Data for this task Start Marker

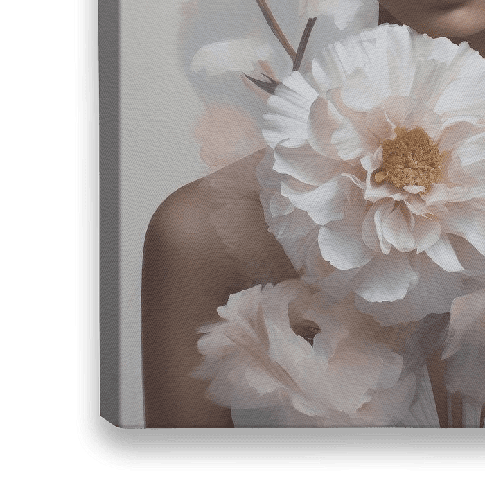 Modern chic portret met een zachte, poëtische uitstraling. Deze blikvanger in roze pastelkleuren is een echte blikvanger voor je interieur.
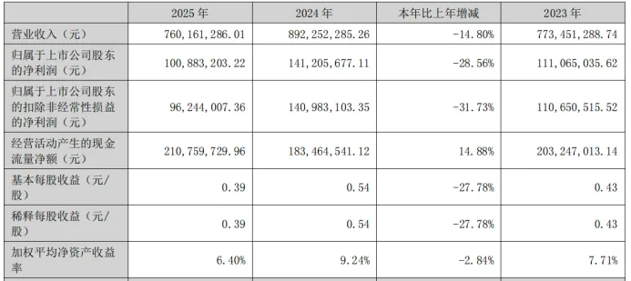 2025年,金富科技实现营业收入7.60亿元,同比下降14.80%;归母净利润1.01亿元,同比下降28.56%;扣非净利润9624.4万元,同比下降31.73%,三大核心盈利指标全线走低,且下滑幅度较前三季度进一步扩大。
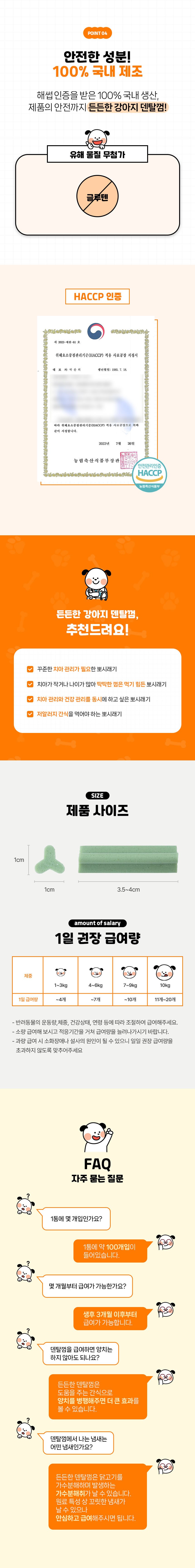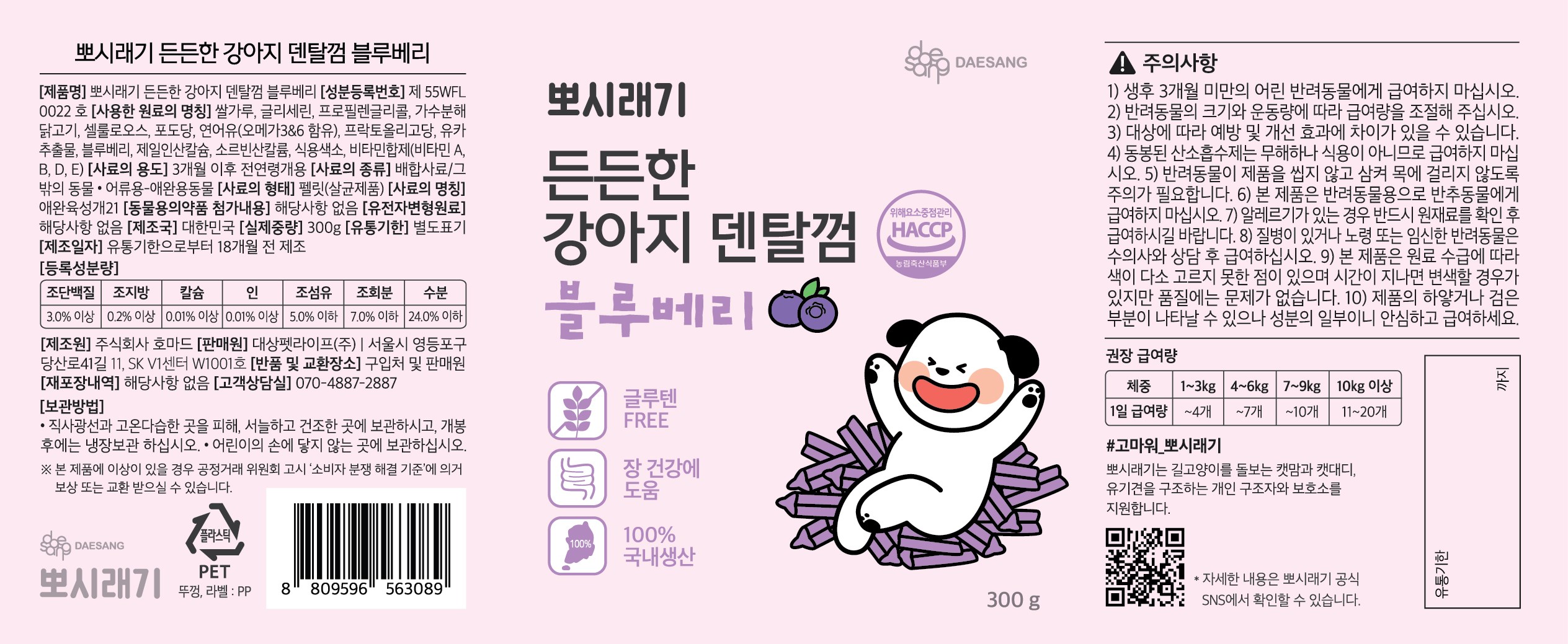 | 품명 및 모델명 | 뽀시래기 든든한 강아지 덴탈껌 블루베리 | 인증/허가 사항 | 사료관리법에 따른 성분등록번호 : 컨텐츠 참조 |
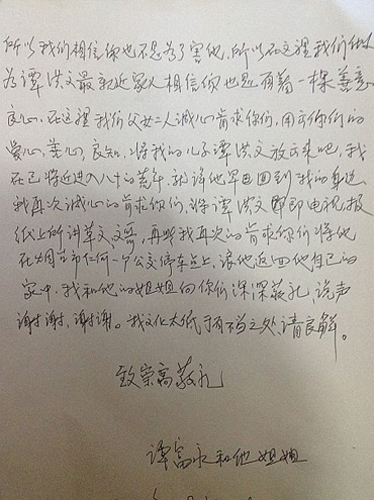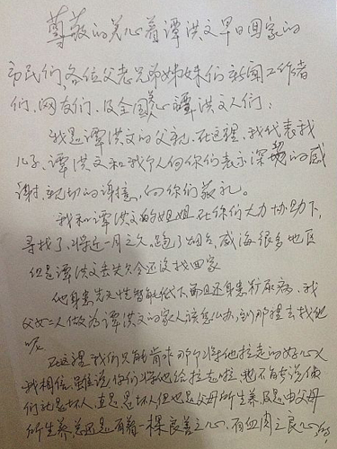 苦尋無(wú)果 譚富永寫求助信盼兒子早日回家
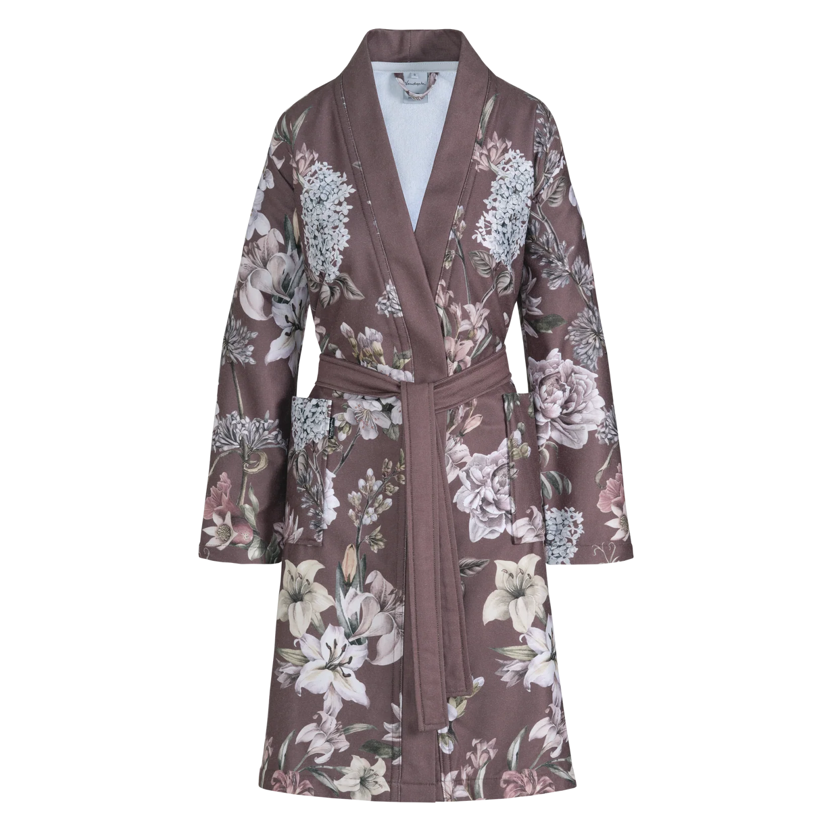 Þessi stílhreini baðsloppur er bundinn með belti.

Data for this task End Marker

Reproduce only the lines from the line with "苦尋無(wú)果 譚富永寫求助信盼兒子早日回家" to the end of the entries. Keep both ends, copy them exactly, and omit every picture.

 苦尋無(wú)果 譚富永寫求助信盼兒子早日回家
 Þessi stílhreini baðsloppur er bundinn með belti.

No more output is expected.